Kalau saya berdiri memberikan sambutan, di panggungnya biasanya ada foto wapres sebelah kiri dan presiden sebelah kanan. Tapi di atas itu, ada yang lebih tinggi, yakni Bhineka Tunggal Ika.
Kita tahu semua pasti tahu maknannya Bhineka Tunggal Ika itu yakni perbedaan menjadikan kita kuat. Karena kita berbeda, di situlah kekuatannya.
Kalau cuma satu adat atau kebiasaan, mungkin kita tidak akan kuat. Jadi perbedaan itulah yang membuat kita kuat. Kalau kita berbicara kearifan lokal yang beragam, semua itu pada dasarnya menjaga harmoni bangsa itu.
Di Jawa ini sering kita dengar 'ing ngarso sung tulodo,' di depan memberi tauladan; 'ing madyo mangun karso,' di tengah membaur; dan 'tut wuri handayani,' di belakang memberi dukungan. Jadi presiden harus memberi tauladan, begitu tidak memberi tauladan, negeri ini bahaya. Soal di tengah dan membaur, blusukan Jokowi disukai karena itu membaur. Karena itu adat sehingga disukai.
Di Makassar ada 'sipatuo sipatokong,' dengan bersatu kita harus mendukung. Di Sumatra ada 'adat basandi syarak, syarak basandi kitabullah.' Artinya agamalah yang menyatukan kita dalam konteks itu. Harmoni dan keadilan Semua kearifan lokal itu memberikan kita harmoni sebenarnya. Jadi kalau bicara konflik, kearifan lokal itu tugasnya menjaga agar konflik itu tidak terjadi. Bukan menyelesaikan konflik.
Kearifan lokal menjaga harmoni sehingga tidak terjadi konflik. Itu lebih hebat. Akan tetapi yang perlu diperhatikan adalah konflik itu punya banyak sebab. Maka dari itu kita harus menyelesikan sebabnya. Bila konfliknya politik, kita panggil tokoh-tokoh adat, tidak akan mempan. Jika konfliknya adalah konflik agama, jangan pula diselesaikan secara adat.
Sejak Indonesia merdeka, sampai sekarang, sekiranya ada 15 konflik besar, yakni yang korbannya lebih dari 1000 orang. Kalau yang konflik kecil-kecil ratusan jumlahnya. Sepuluh dari konflik itu, karena ketidakadilan seperti pemberontakan PKI di Madiun, RMS, DI TII, PRRI-Permesta, Aceh, Timor hingga pemberontakan G30S. Jadi penyebabnya adalah ketidakadilan.

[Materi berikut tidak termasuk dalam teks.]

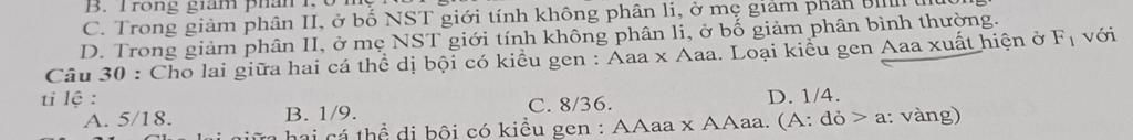 Kiểu gen Aaa xuất hiện ở F1 là: (Aa x a) + A x aa) x 2 = 5/18
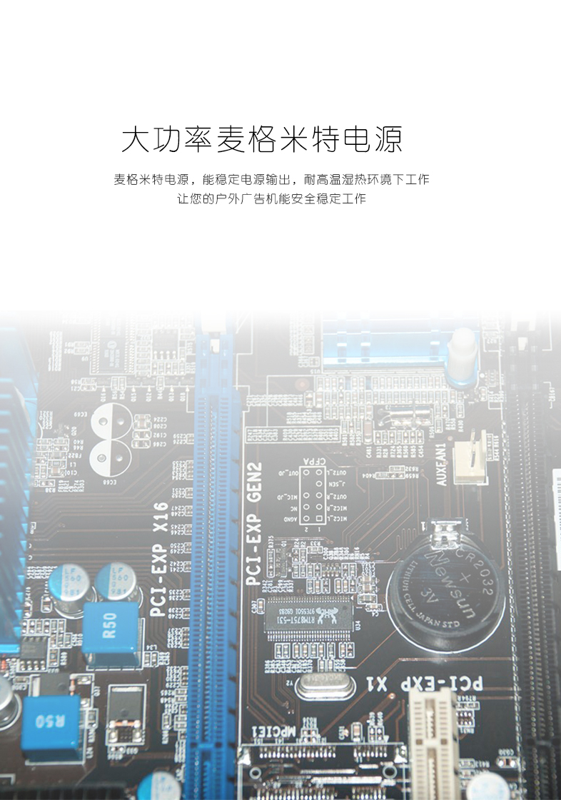 3.2 自主研發智能溫控系統控制盒,可以根據廣告機內部溫度,智能調節整機內部空氣和外部空氣進行時時循環,所有外界風先進入過濾網,把風分成屏前/后兩風道循環。

Jadi untuk menyelesaikannya pemerintah harus adil. Contohnya PRRI-Permesta. Itu karena ketidakadilan. Orang Sulawesi dan Sumatra merasa tidak adil karena merasa kaya tapi tidak adil. Seperti juga masalah GAM di Aceh. Tapi, Poso dan ambon itu bukan masalah agama tapi karena ketidakadilan politik. Karena dulu ketika bupatinya Muslim, maka wakilnya akan Kristen atau katolik. Tapi ketika demokrasi masuk, the winner takes all.
Suara mayoritas yang menentukan. Hilanglah harmoninya. Ujungnya ketidakadilan. Bentroklah mereka. Kemudian dibawa ke agama. Dengan demikian, adat tidak akan bisa menyelesaikan konflik. Konflik agama itu konflik yang paling susah diselesaikan. Semua orang berpihak. Masih ingat dulu di Ambon, kantor polisi dan bank punya dua kantor, ada yang Islam ada yang Kristen. Pikiran mereka adalah surga.
Nah, sayangnya yang beraksi adalah orang yang jarang ke mesjid dan yang jarang ke gereja. Ini adalah jalan tol menu surga bagi orang-orang seperti itu. Maka dari itu, membabi buta-lah mereka.
Maka saya katakan pada mereka “Kalau kalian semua masuk neraka! Tunjukkan saya mana ayat di Quran atau Injil yang menunjukkan bahwa saling membunuh itu masuk surga?” Berhentilah mereka. Saya dulu selesaikan konflik Poso 15 hari dan konflik Ambon 17 hari.